A robust approach to Gaussian process implementation

  • J. Mukangango,
  • A. Muyskens,
  • B. W. Priest

DOI
https://doi.org/10.5194/ascmo-10-143-2024
Journal volume & issue
Vol. 10
pp. 143 – 158

Abstract

Read online

Gaussian process (GP) regression is a flexible modeling technique used to predict outputs and to capture uncertainty in the predictions. However, the GP regression process becomes computationally intensive when the training spatial dataset has a large number of observations. To address this challenge, we introduce a scalable GP algorithm, termed MuyGPs, which incorporates nearest-neighbor and leave-one-out cross-validation during training.

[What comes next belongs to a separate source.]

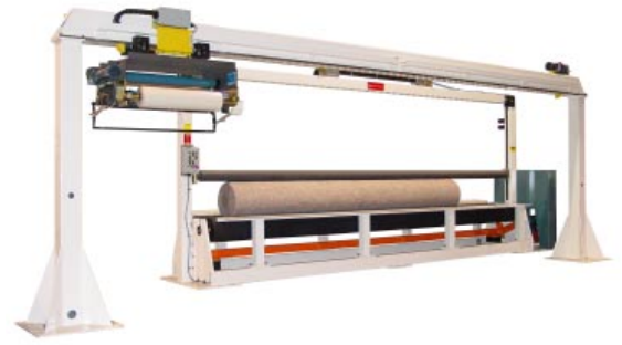
CARPET AND TEXTILE APPLICATIONS

This approach enables the evaluation of large spatial datasets with state-of-the-art accuracy and speed in certain spatial problems. Despite these advantages, conventional quadratic loss functions used in the MuyGPs optimization, such as root mean squared error (RMSE), are highly influenced by outliers. We explore the behavior of MuyGPs in cases involving outlying observations and, subsequently, develop a robust approach to handle and mitigate their impact. Specifically, we introduce a novel leave-one-out loss function based on the pseudo-Huber function (LOOPH) that effectively accounts for outliers in large spatial datasets within the MuyGPs framework. Our simulation study shows that the LOOPH loss method maintains accuracy despite outlying observations, establishing MuyGPs as a powerful tool for mitigating unusual observation impacts in the large data regime. In the analysis of US ozone data, MuyGPs provides accurate predictions and uncertainty quantification, demonstrating its utility in managing data anomalies. Through these efforts, we advance the understanding of GP regression in spatial contexts.